== Work required ==
Take the lines below from the one with "Presidente Leonel Fernández" through the one with "前島：干潮時。 干潮時に歩いて島まで渡ります。" and print only them, exactly. Don't print the pictures.

== The records ==
====
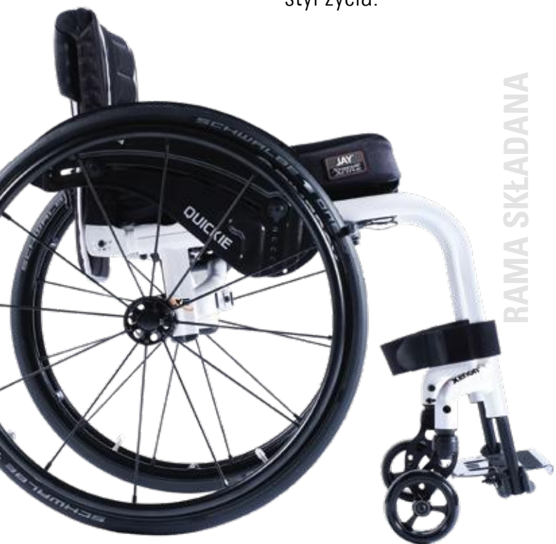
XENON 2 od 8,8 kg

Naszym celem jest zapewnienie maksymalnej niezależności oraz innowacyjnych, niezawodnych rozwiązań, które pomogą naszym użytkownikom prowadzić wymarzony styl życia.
====
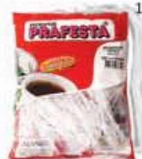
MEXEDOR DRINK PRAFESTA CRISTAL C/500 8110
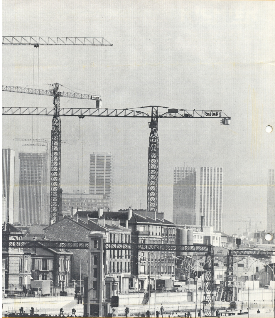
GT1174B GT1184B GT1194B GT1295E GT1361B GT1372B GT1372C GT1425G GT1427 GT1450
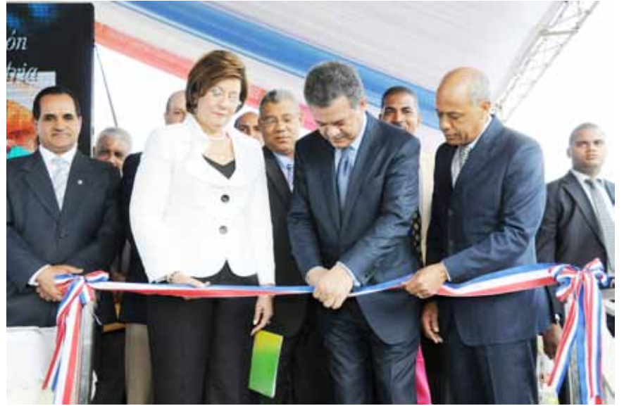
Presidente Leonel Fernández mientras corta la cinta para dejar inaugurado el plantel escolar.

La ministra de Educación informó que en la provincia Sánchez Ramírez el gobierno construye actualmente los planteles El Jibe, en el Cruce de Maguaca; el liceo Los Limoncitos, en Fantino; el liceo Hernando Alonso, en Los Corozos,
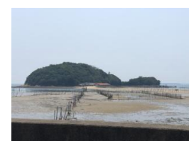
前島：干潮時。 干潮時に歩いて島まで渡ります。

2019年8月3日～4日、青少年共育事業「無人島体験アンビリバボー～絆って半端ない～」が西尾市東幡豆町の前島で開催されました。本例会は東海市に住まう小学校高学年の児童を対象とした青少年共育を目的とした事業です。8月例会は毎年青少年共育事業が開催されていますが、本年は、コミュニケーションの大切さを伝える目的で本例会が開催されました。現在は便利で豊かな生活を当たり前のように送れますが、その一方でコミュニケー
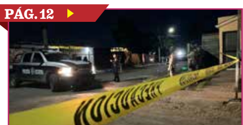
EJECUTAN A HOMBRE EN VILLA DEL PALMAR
====
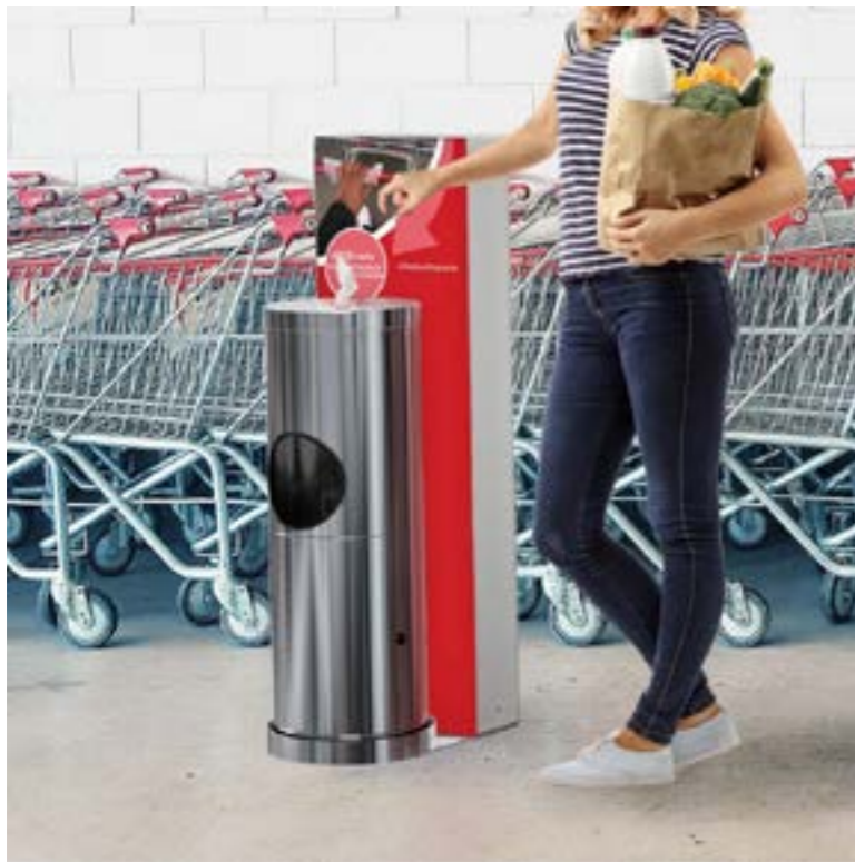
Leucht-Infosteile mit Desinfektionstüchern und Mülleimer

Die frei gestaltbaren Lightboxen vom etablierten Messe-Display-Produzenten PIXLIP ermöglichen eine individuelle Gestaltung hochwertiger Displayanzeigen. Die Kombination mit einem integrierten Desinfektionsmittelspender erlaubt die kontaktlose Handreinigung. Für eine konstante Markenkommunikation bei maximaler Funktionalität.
====
== Result below ==
Presidente Leonel Fernández mientras corta la cinta para dejar inaugurado el plantel escolar.

La ministra de Educación informó que en la provincia Sánchez Ramírez el gobierno construye actualmente los planteles El Jibe, en el Cruce de Maguaca; el liceo Los Limoncitos, en Fantino; el liceo Hernando Alonso, en Los Corozos,
前島：干潮時。 干潮時に歩いて島まで渡ります。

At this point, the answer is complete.